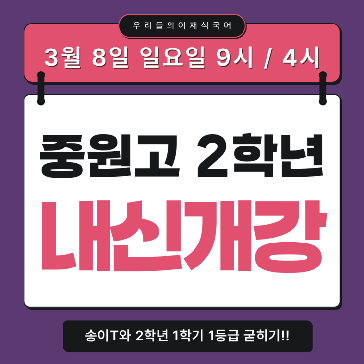 안녕하세요. 우리들의 이재식국어입니다. ^^ 중원고 2학년 단독 내신대비반 3월 8일 일요일 개강! 수능과 직결되는 1년, 이재식 국어학원의 완벽한 학습관리 시스템으로 내신 대비가 가능한 중원고 2학년 단독반을 소개합니다 중원고 2학년 시간표 & 담당 선생님 중원고 2학년 일요일 오전 9시~12시 일요일 오후 4시~7시 두 개의 타임 중 선택! 수업은 주 1회 3시간 클리닉은 월 2회 90-120분 진행합니다. ⭐ 해당 학교의 내신 출제 경향을 정확히 분석 ⭐ 시험 문제의 포인트와 서술형 채점 기준을 구체적으로 지도 ⭐ 학생별 취약 영역(독서·문학·문법)을 장기적으로 관리 단순 시험 대비가 아니라, 학교별 시험 구조를 이해하고 전략적으....... <img src="https://blogthumb.pstatic.net/MjAyNjAyMjFfNjYg/MDAxNzcxNjQ5MDM3MDg0.AcuOhhMNdfusXAvY7DDcnzvQ1ZCXAbUaI6GIMmYAd_Qg.cEGRAcvAHqL1cMBa-M9olzcnyHQuG9O-7ejnMwrgGV8g.PNG/%C1%DF%BF%F8%B0%ED_%281%29.png?type=s3" />
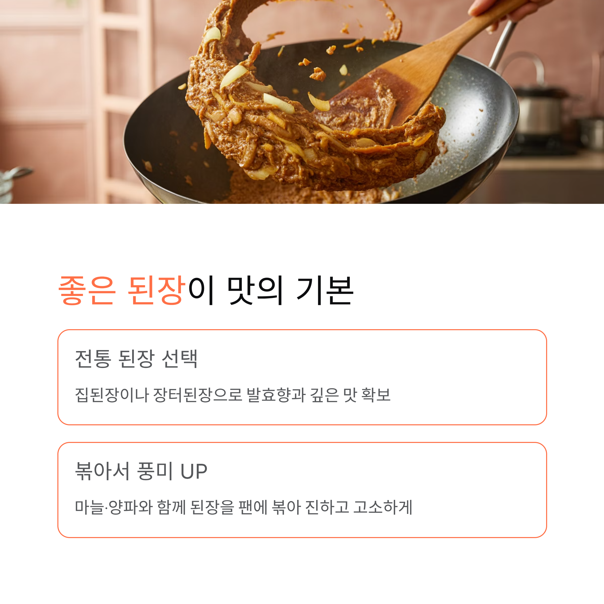 된장을 풀 때는 국물에 그냥 넣지 말고, 먼저 팬에 마늘·양파와 함께 볶아내면 훨씬 더 진하고 고소한 맛을 낼 수 있습니다.
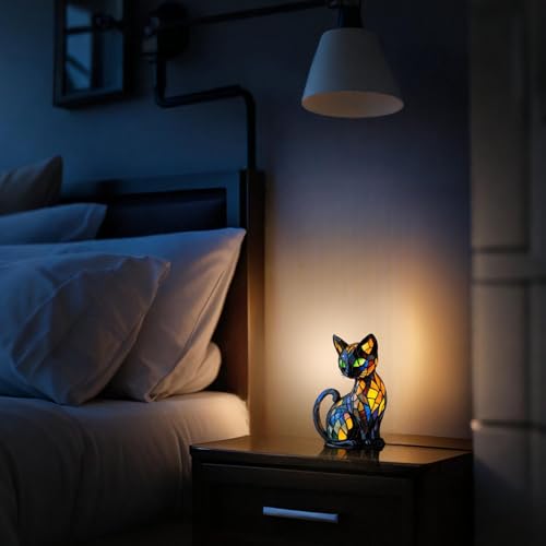- Stained Glass Lamp Shades: Our table lamps harmoniously blend vintage style with modern style, which is both a functional light source and an eye-catching work of art. Experience the warm, nostalgic vibe stain glass cat lamp brings to your décor.
────────────────────
PROBLEM DETAILS
Set down the data above verbatim, omitting every image.

WRITTEN SOLUTION
 안녕하세요. 우리들의 이재식국어입니다. ^^ 중원고 2학년 단독 내신대비반 3월 8일 일요일 개강! 수능과 직결되는 1년, 이재식 국어학원의 완벽한 학습관리 시스템으로 내신 대비가 가능한 중원고 2학년 단독반을 소개합니다 중원고 2학년 시간표 & 담당 선생님 중원고 2학년 일요일 오전 9시~12시 일요일 오후 4시~7시 두 개의 타임 중 선택! 수업은 주 1회 3시간 클리닉은 월 2회 90-120분 진행합니다. ⭐ 해당 학교의 내신 출제 경향을 정확히 분석 ⭐ 시험 문제의 포인트와 서술형 채점 기준을 구체적으로 지도 ⭐ 학생별 취약 영역(독서·문학·문법)을 장기적으로 관리 단순 시험 대비가 아니라, 학교별 시험 구조를 이해하고 전략적으....... <img src="https://blogthumb.pstatic.net/MjAyNjAyMjFfNjYg/MDAxNzcxNjQ5MDM3MDg0.AcuOhhMNdfusXAvY7DDcnzvQ1ZCXAbUaI6GIMmYAd_Qg.cEGRAcvAHqL1cMBa-M9olzcnyHQuG9O-7ejnMwrgGV8g.PNG/%C1%DF%BF%F8%B0%ED_%281%29.png?type=s3" />
 된장을 풀 때는 국물에 그냥 넣지 말고, 먼저 팬에 마늘·양파와 함께 볶아내면 훨씬 더 진하고 고소한 맛을 낼 수 있습니다.
- Stained Glass Lamp Shades: Our table lamps harmoniously blend vintage style with modern style, which is both a functional light source and an eye-catching work of art. Experience the warm, nostalgic vibe stain glass cat lamp brings to your décor.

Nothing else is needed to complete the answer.